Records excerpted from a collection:
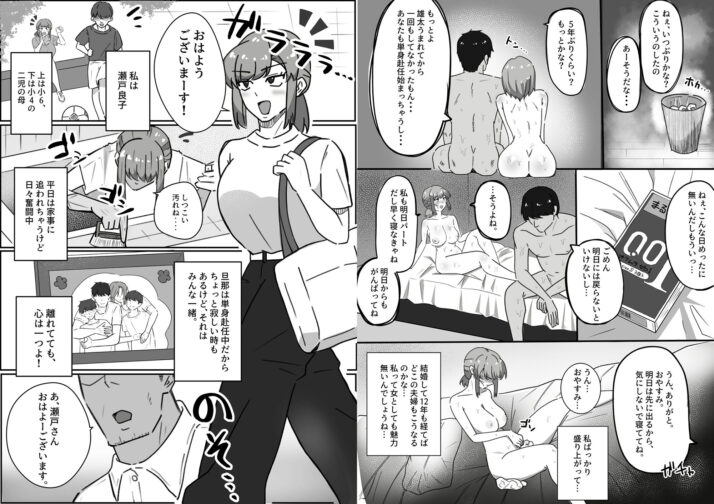 結婚12年目パート人妻(37)、大学生に寝取られる 「彼女できたの〜?」 「ごはんちゃんと食べてんの〜?」 「応援してるから、頑張りなさい!」 バイト先のいつも元気に励ましてくれる、ちょっとおせっかいなパートのおばさん。 旦那とも順風満帆だったようだが、出張が多く、夜はご無沙汰な様子・・・ 寂しく疼く30代のカラダに、大学生チンポの魔の手が忍び寄る・・・ 本編32ページ
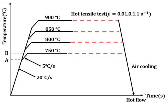 Before testing, thermocouples were welded to the centre of the specimen to measure the temperature and provide feedback to the Gleeble 3800 equipment, such that the designed heating rate and the target deformation temperature were accurately controlled. Figure 3 illustrates the temperature–time profiles of hot uniaxial tensile tests. The temperatures of hot tensile tests are designed at 750 °C, 800 °C, 850 °C and 900 °C, ranging from warm (~0.4–0.6 ) to hot (>0.6 ) forming conditions. Note that stands for the melting temperature of TA32. To avoid overheating the specimen due to fast electrical resistance heating, a two-step heating strategy was adopted, with a heating rate of 20 °C/s in the first step and reduced to 5 °C/s until the target temperature was reached. After heating, the specimen was soaked at the target temperature for the 60 s to guarantee the temperature stability in the uniform temperature zone of the specimen. The strain rates of hot tensile tests were performed at 0.01/s, 0.1/s and 1/s, which are the typical rates for the hot stamping and hot gas forming of titanium alloys. Each condition has been repeated three times to obtain reliable results. The reliability and repeatability of tests were also ensured by the evaluation of temperature and strain rate histories.
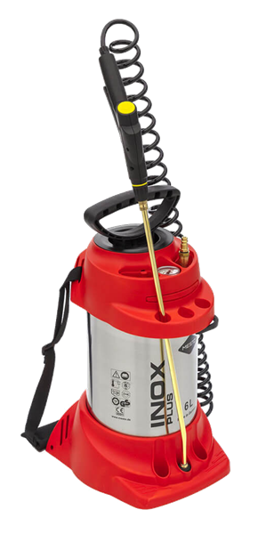 Récipient en acier inoxydable, 6 bar ,mobile avec joints en FPM (Viton), buse en laiton cône creux 1,1 mm, lance de pulvérisation en laiton 50 cm, tournant 360°, flexible spiralé 2,5 m, voyants de niveau avec soupape de remplissage intégrée
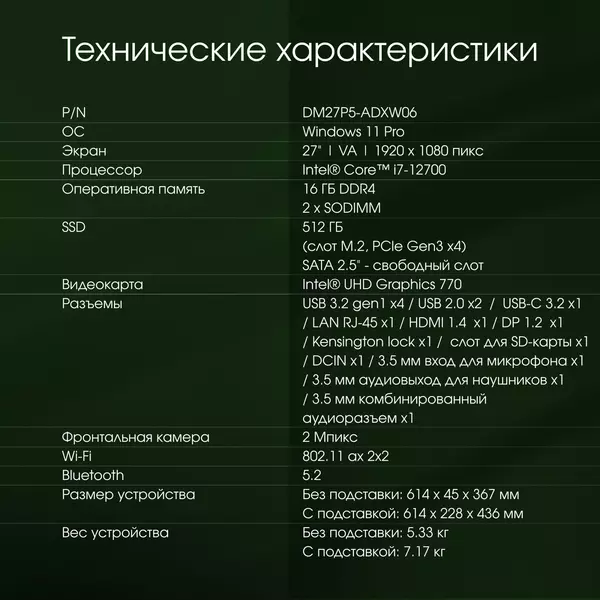 Особенности Digma Pro Unity [DM27P7-ADXW06]
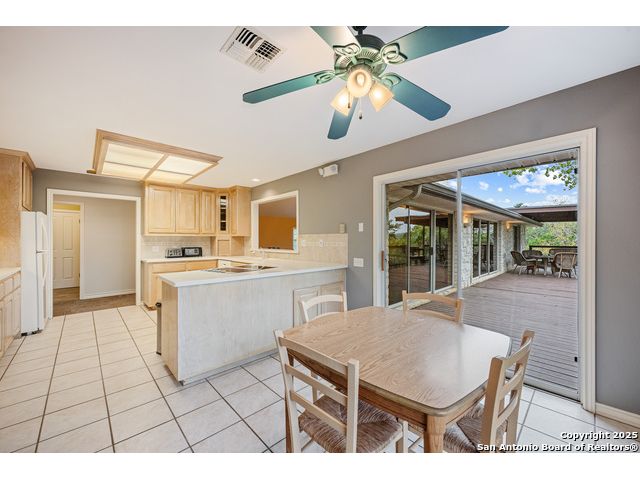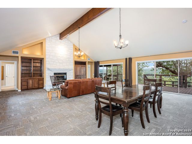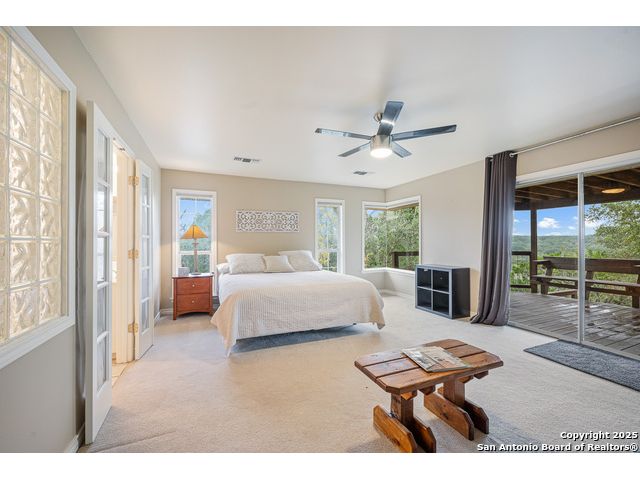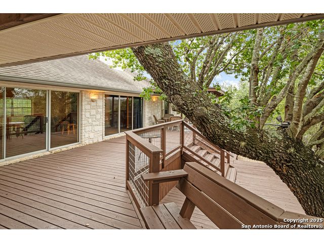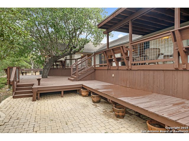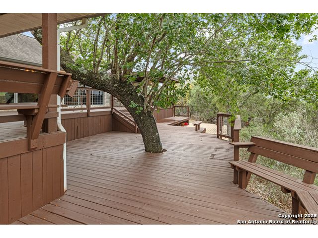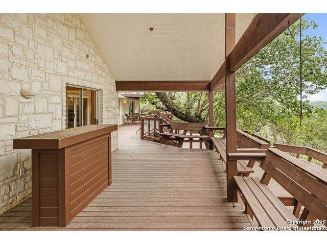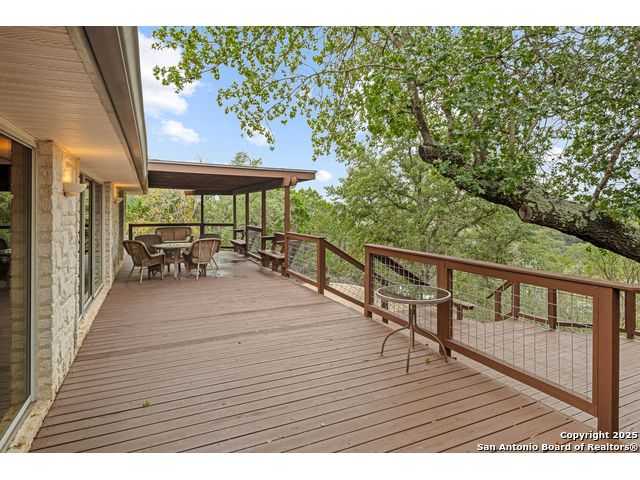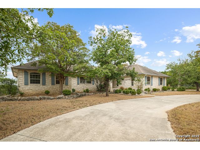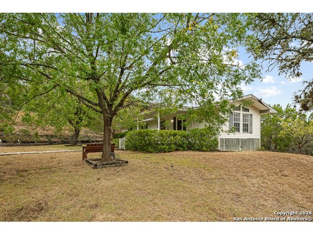Welcome to 1258 River Bluff Circle, your own slice of Texas paradise. Tucked away behind a private gate, this one-of-a-kind property offers more than 15 total acres, composed of three separate 5+ acre parcels, with strong potential for subdividing. It also features approximately 410 feet of pristine Medina River frontage-a true rarity in the Hill Country. The main home spans 2,625 square feet with 3 bedrooms and 2.5 bathrooms, built in classic Texas style with rock exterior, tall ceilings, and a cozy stone fireplace that sets the tone for the entire space. The kitchen features warm wood cabinetry and durable Corian countertops, perfectly balancing charm and function. The converted two-car garage provides a flexible space - ideal for a game room, gym, or guest area - but can easily be turned back into a garage if desired. Step outside and take in the panoramic Hill Country views from the expansive deck perfect for entertaining, unwinding, or catching those unforgettable sunsets. Primary suite with direct access to the deck offers the ultimate spot to relax after a day spent kayaking, fishing, or enjoying the river right in your backyard. A concrete driveway and electric gate ensure both convenience and privacy, while the natural beauty surrounding the property makes it feel worlds away - yet it's just a short drive from San Antonio. This is more than a home, it's a rare opportunity to own a private riverfront retreat in the heart of the Texas Hill Country.
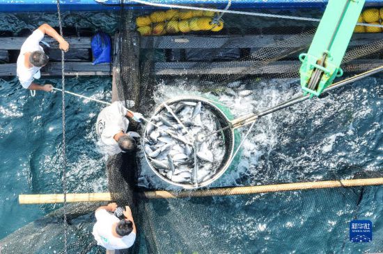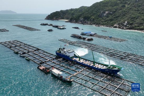 3月24日,在萬寧大洲島水域,漁民協助日本籍漁船裝運章雄魚苗(無人機照片) 。新華社記者 張麗蕓 攝
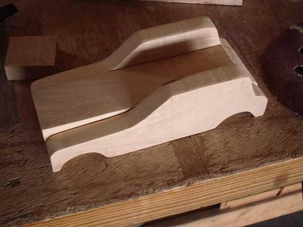Después de transcurrido suficiente tiempo, quite las abrazaderas de las tablas que ahora se pegan. Coloque el tablero de visión lateral del coche justo al lado de los dos tableros solo pegados juntos (o no porque ellos no fueron curvados). Después de que las piezas estén alineadas de la forma que desee, traza la curvatura de la parte trasera del coche contra las tablas pegadas (o no pegadas). Dejar la parte delantera del coche sin trazabilidad. Corte su rastro con su sierra de banda y las tablas de arena para que alinee con el cuerpo del coche. Ligeramente alrededor de campana el coche con papel de lija.
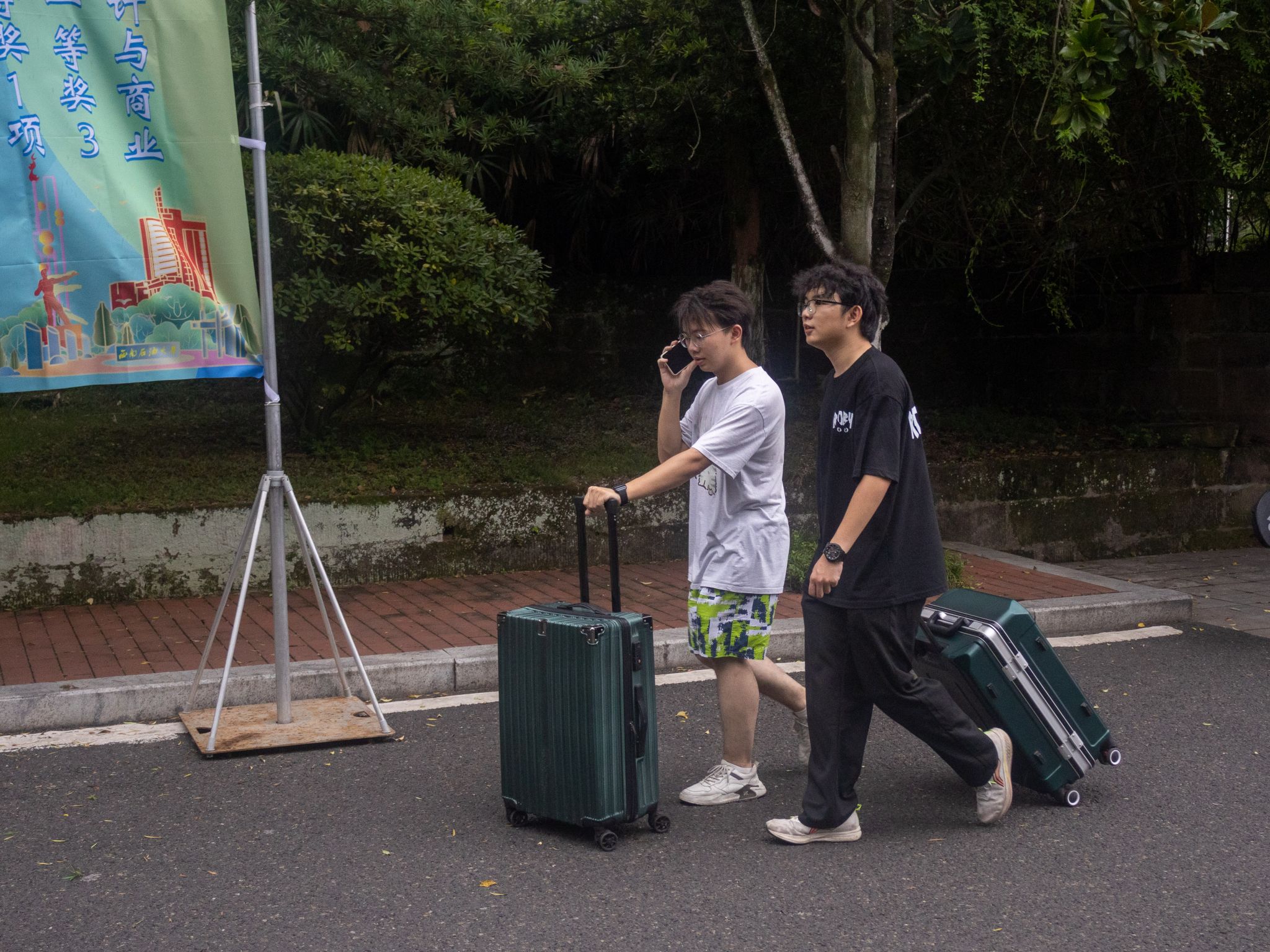 7月下旬,高考成绩公布,两人在班主任的高考录取情况统计表上发现考上了同一个大学同一个专业,更巧的是,两个人都考了570分。“看到分数,我跟唐畅言说‘太巧了,分数一样’,没多想。”彭运回忆,直到录取结果出来,两人微信上又互发录取通知书照片。“我盯着屏幕看好几遍,反复确认专业名,怕看错。”唐畅言说,确认消息后,两人直接约着去学校提前“探校”。
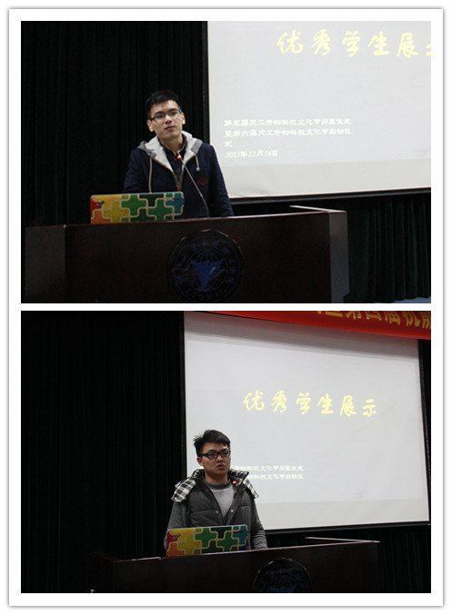 简短的开幕式后是优秀学生代表与大家交流经验。校“十佳学生”包装131班张成同学提供了自己的学习方法与大家共享,告诫学弟学妹要提早规划自己的大学生涯并对自己的时间进行有效管理,通过参加课外活动锻炼自己的能力。国家奖学金获得者机制124班沈超杰同学则向大家讲述了他在科研方面的经验,介绍做报告的流程,鼓励同学们多认识专业的老师,积累师资力量。两位学长的讲话使新生们对未来规划有了更清晰的认识,收获大家衷心的掌声。
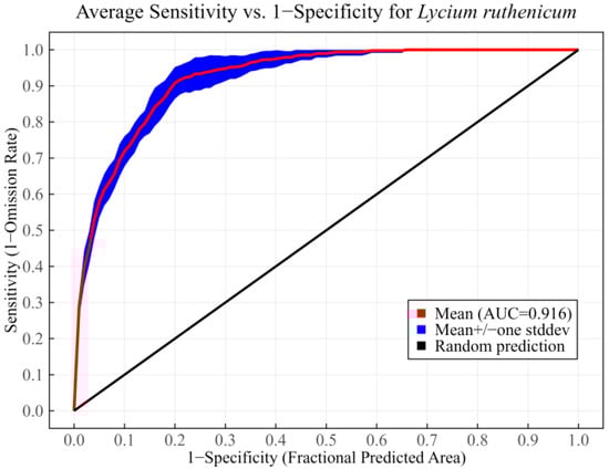The MaxEnt model repeated the calculation 10 times using the optimal parameters, and then the ROC curve was generated (Figure 3). In this study, the AUC was employed to assess predictive accuracy. The average training AUC was 0.946 ± 0.003, while the average testing AUC was 0.916 ± 0.011. These results suggested that the optimized model had excellent predictive accuracy in characterizing potential suitable habitats of L. ruthenicum.
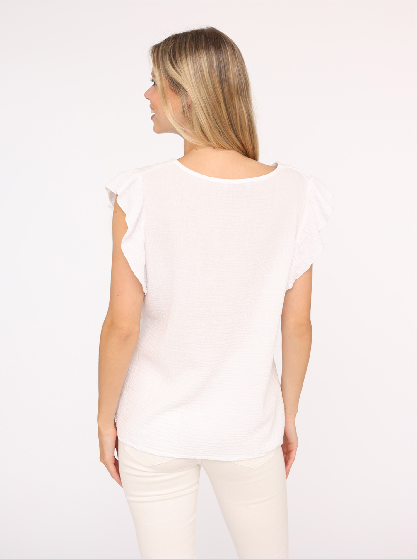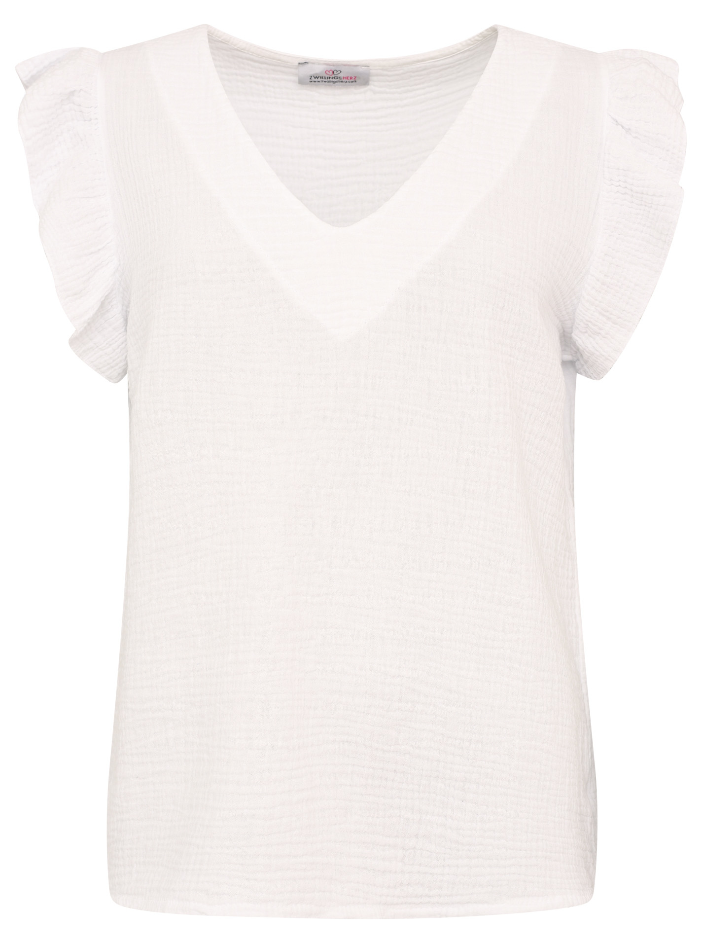 Unsere Musselin-Bluse "Rüschen" überzeugt mit leichter, luftiger Qualität und femininen Rüschendetails. Der entspannte Schnitt macht sie zum vielseitigen Begleiter für sommerliche Casual- und Büro-Looks.

◆ WHAT THE TASK REQUIRES ◆
Without any pictures, please reproduce the full set of entries.

◆ PROBLEM SOLUTION ◆
 結婚12年目パート人妻(37)、大学生に寝取られる 「彼女できたの〜?」 「ごはんちゃんと食べてんの〜?」 「応援してるから、頑張りなさい!」 バイト先のいつも元気に励ましてくれる、ちょっとおせっかいなパートのおばさん。 旦那とも順風満帆だったようだが、出張が多く、夜はご無沙汰な様子・・・ 寂しく疼く30代のカラダに、大学生チンポの魔の手が忍び寄る・・・ 本編32ページ
 Before testing, thermocouples were welded to the centre of the specimen to measure the temperature and provide feedback to the Gleeble 3800 equipment, such that the designed heating rate and the target deformation temperature were accurately controlled. Figure 3 illustrates the temperature–time profiles of hot uniaxial tensile tests. The temperatures of hot tensile tests are designed at 750 °C, 800 °C, 850 °C and 900 °C, ranging from warm (~0.4–0.6 ) to hot (>0.6 ) forming conditions. Note that stands for the melting temperature of TA32. To avoid overheating the specimen due to fast electrical resistance heating, a two-step heating strategy was adopted, with a heating rate of 20 °C/s in the first step and reduced to 5 °C/s until the target temperature was reached. After heating, the specimen was soaked at the target temperature for the 60 s to guarantee the temperature stability in the uniform temperature zone of the specimen. The strain rates of hot tensile tests were performed at 0.01/s, 0.1/s and 1/s, which are the typical rates for the hot stamping and hot gas forming of titanium alloys. Each condition has been repeated three times to obtain reliable results. The reliability and repeatability of tests were also ensured by the evaluation of temperature and strain rate histories.
 Récipient en acier inoxydable, 6 bar ,mobile avec joints en FPM (Viton), buse en laiton cône creux 1,1 mm, lance de pulvérisation en laiton 50 cm, tournant 360°, flexible spiralé 2,5 m, voyants de niveau avec soupape de remplissage intégrée
 Особенности Digma Pro Unity [DM27P7-ADXW06]
Welcome to 1258 River Bluff Circle, your own slice of Texas paradise. Tucked away behind a private gate, this one-of-a-kind property offers more than 15 total acres, composed of three separate 5+ acre parcels, with strong potential for subdividing. It also features approximately 410 feet of pristine Medina River frontage-a true rarity in the Hill Country. The main home spans 2,625 square feet with 3 bedrooms and 2.5 bathrooms, built in classic Texas style with rock exterior, tall ceilings, and a cozy stone fireplace that sets the tone for the entire space. The kitchen features warm wood cabinetry and durable Corian countertops, perfectly balancing charm and function. The converted two-car garage provides a flexible space - ideal for a game room, gym, or guest area - but can easily be turned back into a garage if desired. Step outside and take in the panoramic Hill Country views from the expansive deck perfect for entertaining, unwinding, or catching those unforgettable sunsets. Primary suite with direct access to the deck offers the ultimate spot to relax after a day spent kayaking, fishing, or enjoying the river right in your backyard. A concrete driveway and electric gate ensure both convenience and privacy, while the natural beauty surrounding the property makes it feel worlds away - yet it's just a short drive from San Antonio. This is more than a home, it's a rare opportunity to own a private riverfront retreat in the heart of the Texas Hill Country.
 3月24日,在萬寧大洲島水域,漁民協助日本籍漁船裝運章雄魚苗(無人機照片) 。新華社記者 張麗蕓 攝
Después de transcurrido suficiente tiempo, quite las abrazaderas de las tablas que ahora se pegan. Coloque el tablero de visión lateral del coche justo al lado de los dos tableros solo pegados juntos (o no porque ellos no fueron curvados). Después de que las piezas estén alineadas de la forma que desee, traza la curvatura de la parte trasera del coche contra las tablas pegadas (o no pegadas). Dejar la parte delantera del coche sin trazabilidad. Corte su rastro con su sierra de banda y las tablas de arena para que alinee con el cuerpo del coche. Ligeramente alrededor de campana el coche con papel de lija.
 7月下旬,高考成绩公布,两人在班主任的高考录取情况统计表上发现考上了同一个大学同一个专业,更巧的是,两个人都考了570分。“看到分数,我跟唐畅言说‘太巧了,分数一样’,没多想。”彭运回忆,直到录取结果出来,两人微信上又互发录取通知书照片。“我盯着屏幕看好几遍,反复确认专业名,怕看错。”唐畅言说,确认消息后,两人直接约着去学校提前“探校”。
 简短的开幕式后是优秀学生代表与大家交流经验。校“十佳学生”包装131班张成同学提供了自己的学习方法与大家共享,告诫学弟学妹要提早规划自己的大学生涯并对自己的时间进行有效管理,通过参加课外活动锻炼自己的能力。国家奖学金获得者机制124班沈超杰同学则向大家讲述了他在科研方面的经验,介绍做报告的流程,鼓励同学们多认识专业的老师,积累师资力量。两位学长的讲话使新生们对未来规划有了更清晰的认识,收获大家衷心的掌声。
The MaxEnt model repeated the calculation 10 times using the optimal parameters, and then the ROC curve was generated (Figure 3). In this study, the AUC was employed to assess predictive accuracy. The average training AUC was 0.946 ± 0.003, while the average testing AUC was 0.916 ± 0.011. These results suggested that the optimized model had excellent predictive accuracy in characterizing potential suitable habitats of L. ruthenicum.
 Unsere Musselin-Bluse "Rüschen" überzeugt mit leichter, luftiger Qualität und femininen Rüschendetails. Der entspannte Schnitt macht sie zum vielseitigen Begleiter für sommerliche Casual- und Büro-Looks.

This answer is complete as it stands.